HALLE DEVELOPMENT, INCORPORATED,

                                               Plaintiff - Appellant,

           versus

ANNE ARUNDEL COUNTY, a Political Subdivision
of the State of Maryland; JANET OWENS,
Executive for Anne Arundel County; JOSEPH
RUTTER, Director of Planning and Zoning,

                                              Defendants - Appellees.


Appeal from the United States District Court for the District of
Maryland, at Baltimore.   William M. Nickerson, Senior District
Judge. (CA-03-1302-WMN)


Argued:   December 2, 2004                 Decided:   February 4, 2005


Before LUTTIG, MOTZ, and DUNCAN, Circuit Judges.


Affirmed by unpublished opinion. Judge Luttig wrote the opinion,
in which Judge Motz and Judge Duncan joined.
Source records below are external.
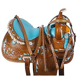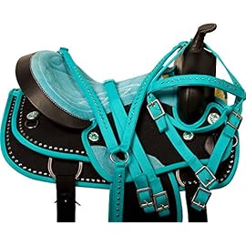 Miniature Horse Leather Saddle is a saddle made from natural leather and has a suede seat. This adorable saddle features turquoise blue crystal rhinestones, bordering the skirt and the cantle, that match the well-padded turquoise blue suede seat. The medium oil leather is hand carved throughout with floral and basket weave tooling that give the saddle a classic look for your little rider. The design is finished with Texas star conchos, as well as a rawhide wrapped horn, cantle trim, and stirrups. The underside is well-padded with fleece for optimum comfort throughout the ride. Acerugs saddles leave a vivid impression. They are attractive, have bright accents in design and an unusual, delightful embossing.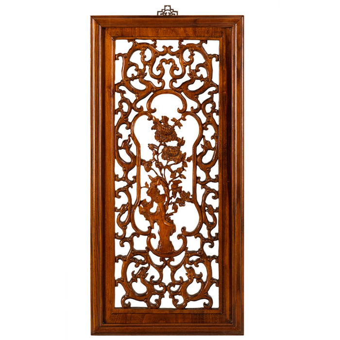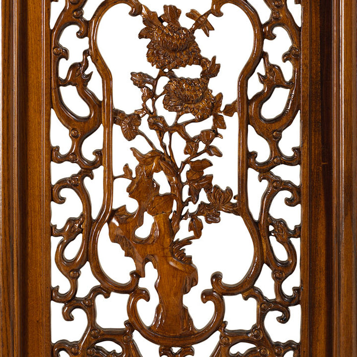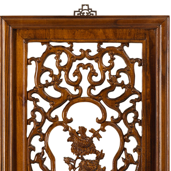 Notre panneau en bois massif, ici fini dans notre orme chaud, est une représentation de l'un des « Quatre Nobles », la sculpture située au centre est entourée de dragons à volutes et représente des chrysanthèmes, un ancien symbole d'humilité, elle est fabriquée à partir de camphre, un bois facile à sculpter. Le cadre extérieur est en bois de sapin. Les panneaux peuvent être achetés individuellement ou par lot de quatre.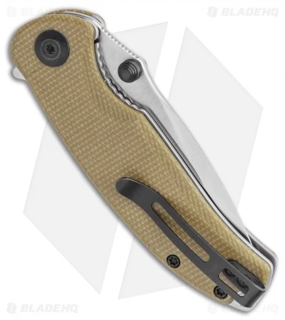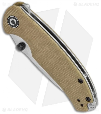 This model of the CIVIVI Pintail has an olive green micarta handle with a satin stonewashed blade.

ARGUED: John R. Greiber, Jr., GREIBER & SCHEIBE, Millersville,
Maryland, for Appellant.    Hamilton F. Tyler, Senior Assistant
County Attorney, ANNE ARUNDEL COUNTY OFFICE OF LAW, Annapolis,
Maryland, for Appellees. ON BRIEF: Phillip F. Scheibe, GREIBER &
SCHEIBE, Millersville, Maryland, for Appellant. Linda M. Schuett,
County Attorney, ANNE ARUNDEL COUNTY OFFICE OF LAW, Annapolis,
Maryland, for Appellees.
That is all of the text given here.